The series will be run by Kumho National Motorsport Agent David Atkin of Prime Race Service Pty Ltd and has scheduled further rounds at Wakefield Park (October 22-24) and The Bend Motorsport Park (December 3-5).

The new series is completely separate to the V8 Touring Car Series, of which the Australian Racing Group is Category Manager.

That series, established as a home for former V8 Supercars in 2008, is administered by long-time category manager Liam Curkpatrick.
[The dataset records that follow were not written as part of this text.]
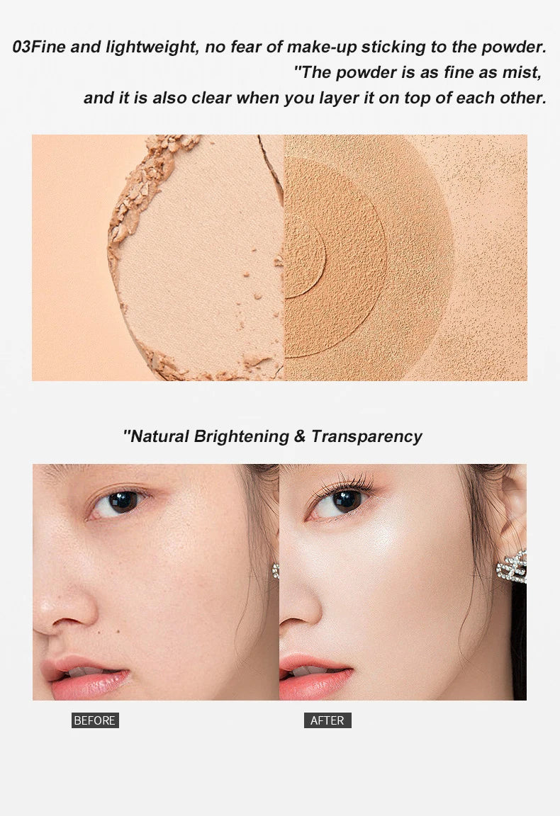 Fine and lightweight, no fear of make-up, the powder is as fine as a mist overlay is also clear.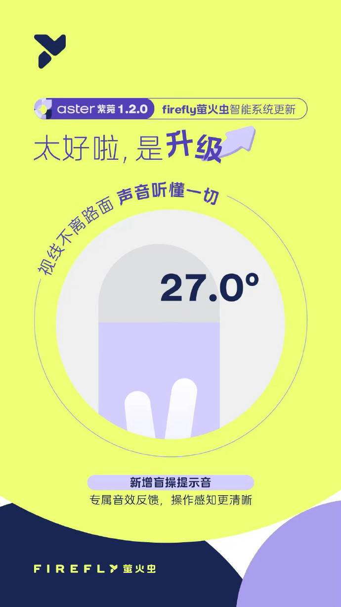 凤凰网科技讯 9月25日,firefly萤火虫汽车官方宣布,其车载智能系统aster紫菀迎来1.2.0版本更新,国庆节前全面上线。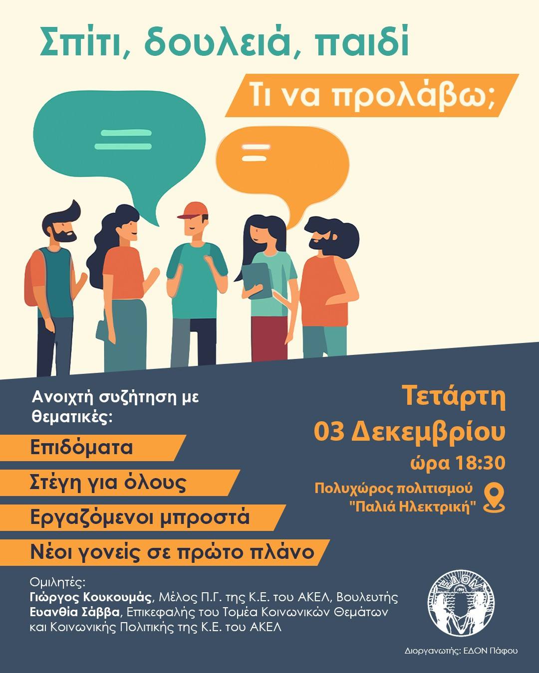 Το τμήμα νέων εργαζομένων της ΕΔΟΝ Πάφου διοργανώνει ανοιχτή συζήτηση με τίτλο “Σπίτι, δουλειά, παιδί – Τι να προλάβω;” με στόχο την ενημέρωση και συζήτηση με τους νέους και νέες για τις δυνατότητες και τις προοπτικές στήριξης της νέας γενιάς.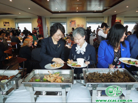 此次活动是联合国教科文组织总部紧张的午餐时间进行,原计划邀请100位贵宾,但活动开始前一小时,已经人头攒动。接到邀请函及得知活动信息的各国外交官蜂拥而至,很多人还带着朋友一起参加。由于宴会厅场地有限,只能提供100个座位,许多嘉宾只能站着用餐,有的就干脆坐在窗台上品尝中国美食,但丝毫不影响大家对美食的热情,活动现场气氛热烈。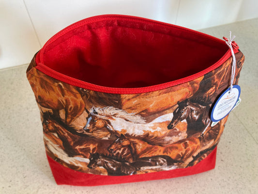 Handmade Cosmetic Pouch or Unique One of a Kind Zipper Bag for Any Purpose - Horses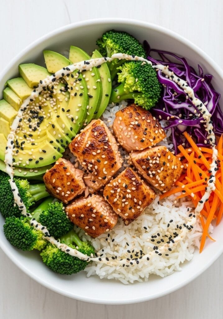 For a lighter option, try making a crispy salmon bowl air fryer style with mixed greens, cucumber, avocado, and a tangy lemon-tahini dressing. Add some pickled red onions if you’re feeling fancy.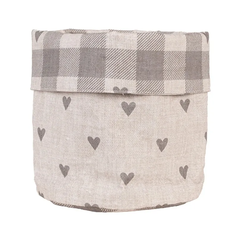 Gemaakt van een katoenen stof met een landelijke ruit gecombineerd met lieflijke hartjes. De serie is verkrijgbaar in de kleuren rood/wit en beige/grijs.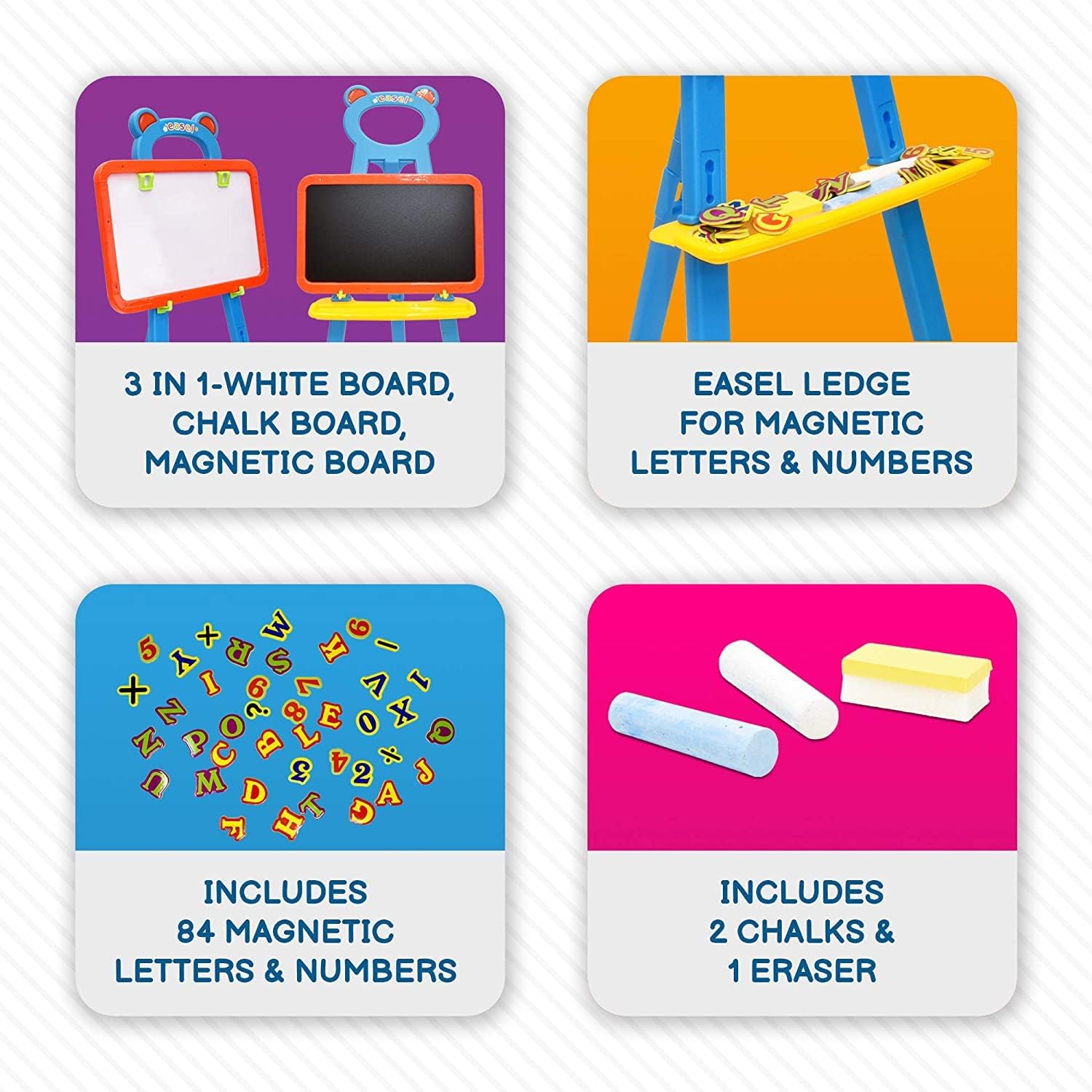 Description:The Kids' Art Station is a versatile 3-in-1 easel designed to spark creativity and inspire endless artistic possibilities. This adjustable easel features three interactive surfaces: a dry erase board, a magnetic board, and a chalkboard, offering children the perfect platform to explore drawing, writing, and imaginative play. Ideal for budding artists, the easel helps develop motor skills, creativity, and learning in a fun, engaging way.The height-adjustable design ensures that it grows with your child, providing years of creative enjoyment. Whether your little one loves drawing with chalk, practicing letters on the dry erase board, or experimenting with magnetic letters and numbers, this easel is an all-in-one educational tool. The sturdy construction ensures durability, while the built-in storage tray conveniently holds markers, chalk, and other art supplies, keeping everything organized and easily accessible.Perfect for homes, classrooms, or playrooms, the Kids' Art Station combines learning and play to enhance your child's development through creativity.Bullet Points:3-in-1 Design: Features a dry erase board, magnetic board, and chalkboard for a variety of creative and educational activities.Height Adjustable: Grows with your child, making it perfect for toddlers, preschoolers, and early school-age children.Built-in Storage Tray: Convenient tray holds chalk, markers, erasers, and other art supplies for easy access and organization.Durable & Sturdy Construction: Built to last, providing stability during drawing, writing, and play sessions.Encourages Creativity & Learning: Enhances motor skills, artistic expression, and early learning through interactive play.Keywords:Kids' Art Station3-in-1 Adjustable EaselDry Erase Magnetic ChalkboardArt Easel for KidsHeight Adjustable EaselCreative Learning EaselChalkboard and Whiteboard EaselKids' Drawing and Writing BoardEducational Easel for ToddlersMagnetic Board for Kids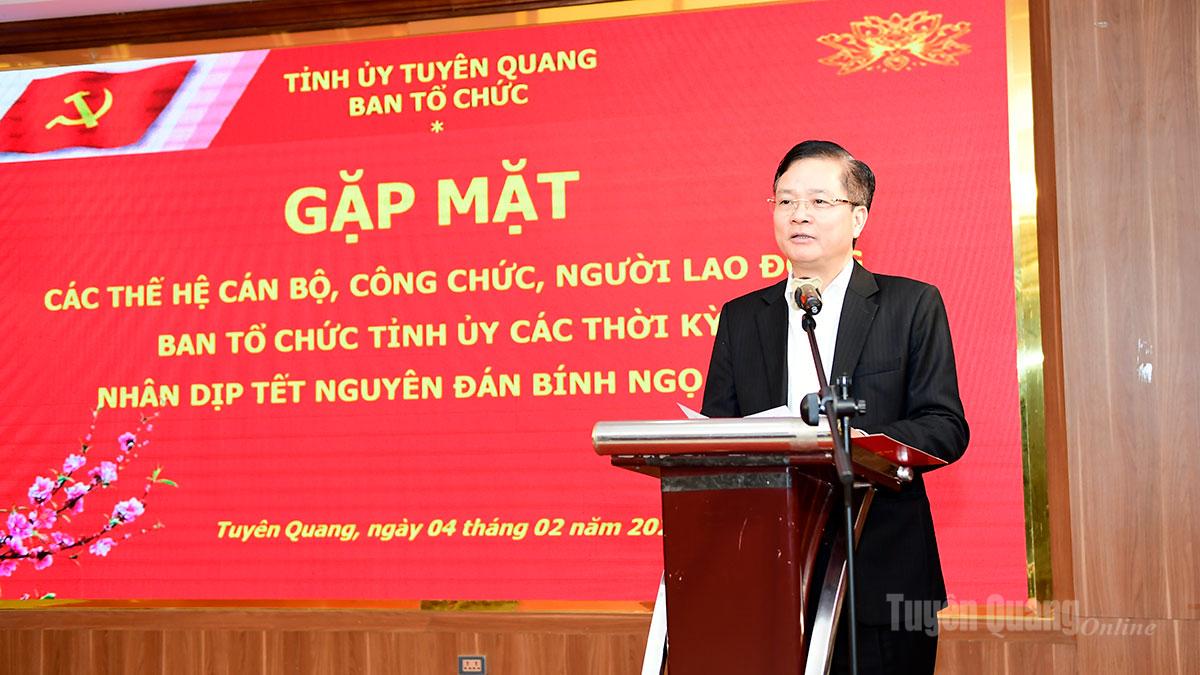 Phát biểu tại buổi gặp mặt, đồng chí Trưởng Ban Tổ chức Tỉnh ủy đã gửi lời chúc mừng thân tình, ấm áp, trân trọng ghi nhận, cảm ơn và tri ân những đóng góp quan trọng của các đồng chí nguyên lãnh đạo, các thế hệ cán bộ, công chức, người lao động qua các thời kỳ đối với sự phát triển của Ban Tổ chức Tỉnh ủy nói riêng và công tác xây dựng Đảng của tỉnh nói chung.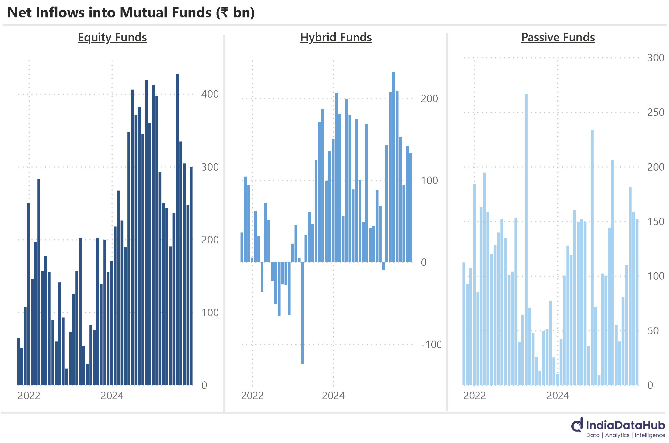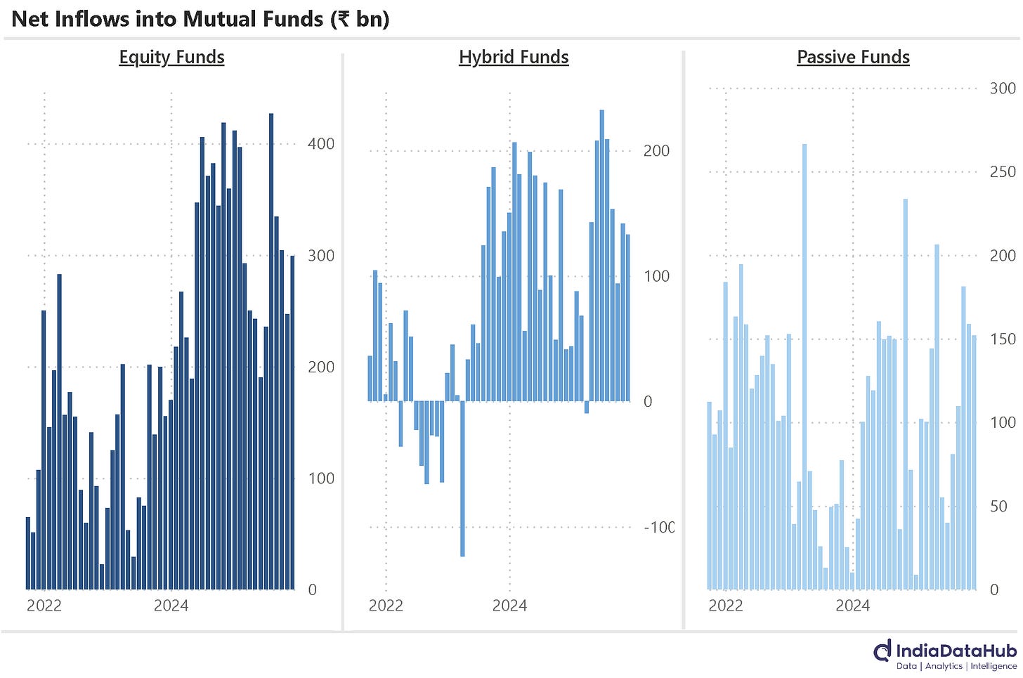 November was another strong month for flows into domestic equity funds. Net inflows totalled ₹300bn, higher than the net inflows of ₹250bn in October. Hybrid funds also saw strong inflows of over ₹130bn in November, although the pace has moderated a bit in recent months. And passive funds have also seen strong inflows in the last few months. November saw net inflows of ₹152bn, among the highest monthly inflows in recent years.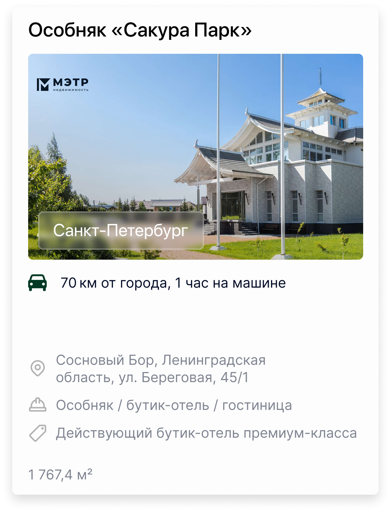 Сакура Парк идеально подходит как для открытия бутик-отеля, проведения мероприятий высокого уровня, так и для совмещения деловой и личной жилой функции. Архитектура в восточном стиле подчёркивает статус объекта, а интерьер создаёт атмосферу уединённости и комфорта, сравнимую с гостиницами высокого класса.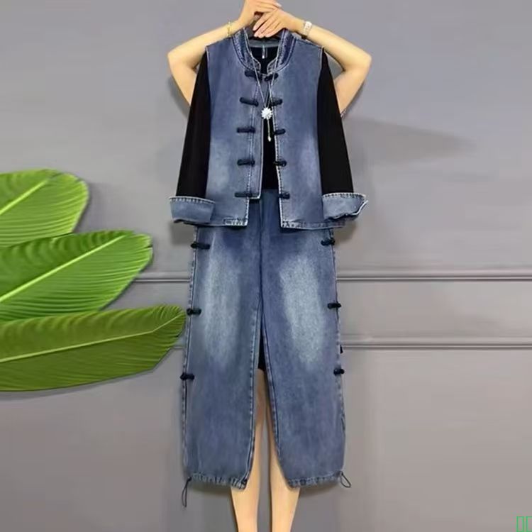 胖mm大码牛仔三件套时尚秋季新中式国风盘扣爆款气质套装显瘦洋气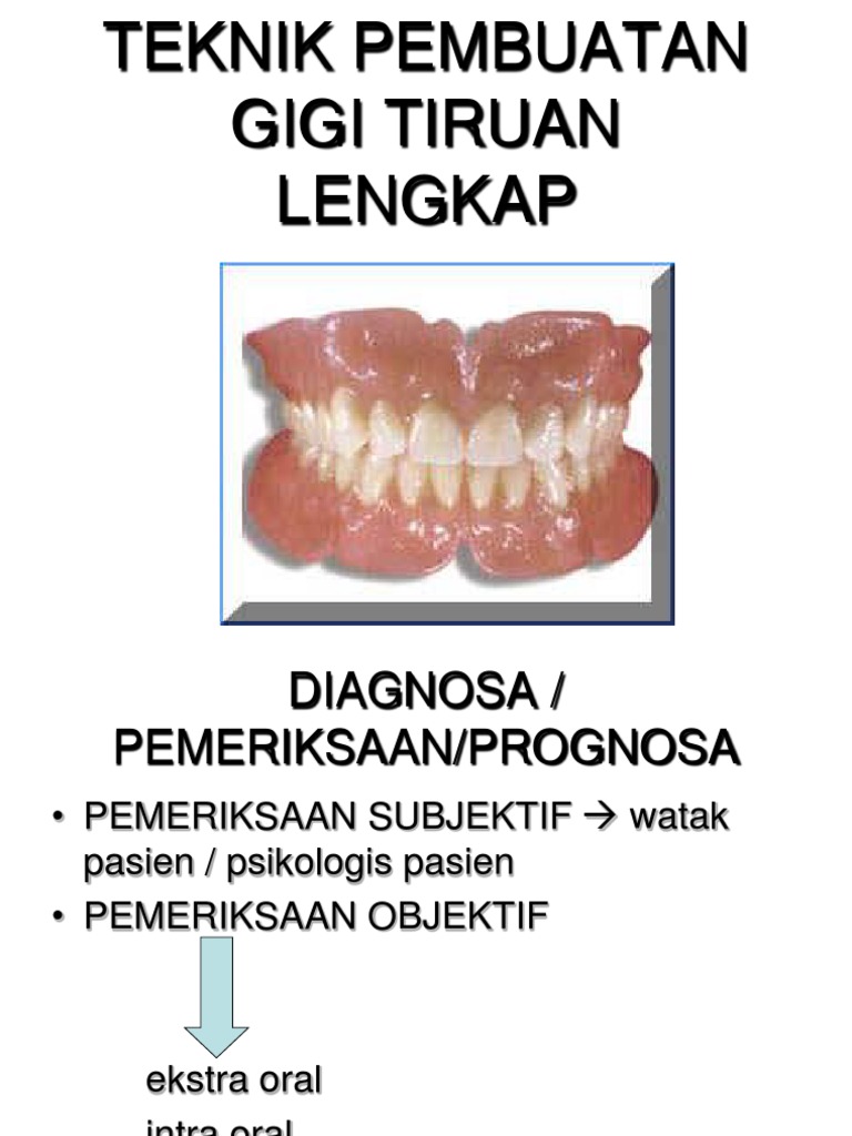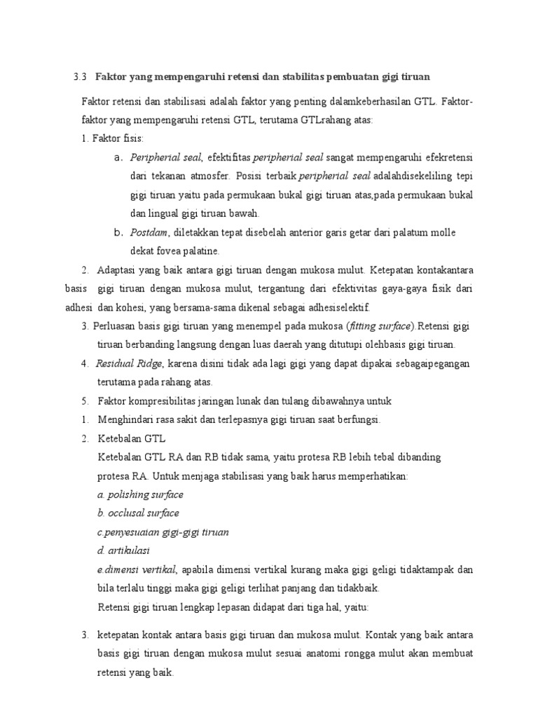 Gigi Tiruan Lengkap Pdf. Meskipun kemajuan dalam bidang estetika kedokteran gigi sangat pesat, namun fungsi dari gigitiruan itu sendiri didukung oleh kondisi. F aktorfaktor yang mempengaruhi retensi GTL: a.

The V8 Touring Car Series currently runs under the Super3 Series banner, a brand owned by Supercars.

Kumho V8 Touring Car Series action at Wakefield Park in 2011. Photo: Supplied.

The V8 Touring Car Series has used Kumho control tyres exclusively from its beginnings in 2008 through to the end of last year’s COVID-affected season (of which only two rounds were held), the first year it ran on the same grids as the Dunlop Super2 Series.

This year the Super3 cars have had to use 18-inch Dunlop tyres as part of its agreement with Supercars, leaving Kumho with stockpiles of 17-inch rubber, hence its support of establishing the Kumho V8 Classic Series on the AMRS bill in order to recoup its outlay on the tyres originally produced for Super3 use.

Series organisers are offering a competitor package that includes a prepaid debit card of $750 to assist with travel, tyres charged at $360 per tyre (with $30 from each purchase going into an end of season prize pool) and three races per round with 125 minutes of total track time at each round and live streaming coverage.

Classes will include Outright, Masters, Heritage (with original livery) and Invitational.

“We’re appealing to the owners of the era of cars that have been restored and want to run them but not race for sheep stations with the young guns in Super3,” says Atkin.

“We’ve had a lot of comment from the Australian 5 Litre Association guys that they are keen to run. Launching something new halfway through the year is difficult, so a first up grid of 10 to 12 cars would be a good result. I’m confident we can get 10 to 15 cars this year and look at fields of 20 next year.

“We were all set for Super3 for whole seasons in 2020 and 2021 and had brought tyres into the country when the category was a Kumho 17-inch control tyre and then Super3 was taken over by Supercars and converted to 18-inch Dunlops. 

“So, from a business point of view and having been involved with the third tier of V8s for over 10 years, we wanted to stay involved and this is the only way of doing it. Really the only alternative for us was to go to an alternative sanctioning body and create something new.

“With Super3 now in the Supercars system, that doesn’t leave any business area for us to develop so we looked at it and said that this direction we’re going in is really appealing to the private car owners of the older cars, as opposed to the young emerging guns driving for established race organisations.

“We were using, with five or six rounds a season and testing, the best part of 1000 tyres a year, so that’s what I had ordered for 2020-21. With COVID we have to order so far in advance, so the tyres have arrived, and we’re got a season’s worth of them sitting in warehouses and no one to run on them.

“This is really a stop gap measure to get these cars on the track and using our 17-inch tyres. We will however be looking at a five or six round series in 2022 once we have established the category.”

One distinct difference is that the series will not have standing starts. Instead, it will have rolling starts for each of its races in a bid to cut down on the potential of start line accidents, a measure aimed at attracting more restored and Heritage class cars.

“That’s one of the reasons why we won’t have standing starts and have introduced rolling starts,” says Atkin.

“It reduces the risk of start line crashes more. With these totally restored cars that reduces the risk of people scratching them in a start line accident.”

Atkin says there has been current positive interest from prospective entrants including Andy Cantrell (ex-CAT FPR Falcon), Jason Foley (ex-Jim Beam DJR Falcon), Jamie McDonald (Pro-Duct Commodore VP) and Steve Langley (ex-Ellery Supercheap Auto Falcon BA).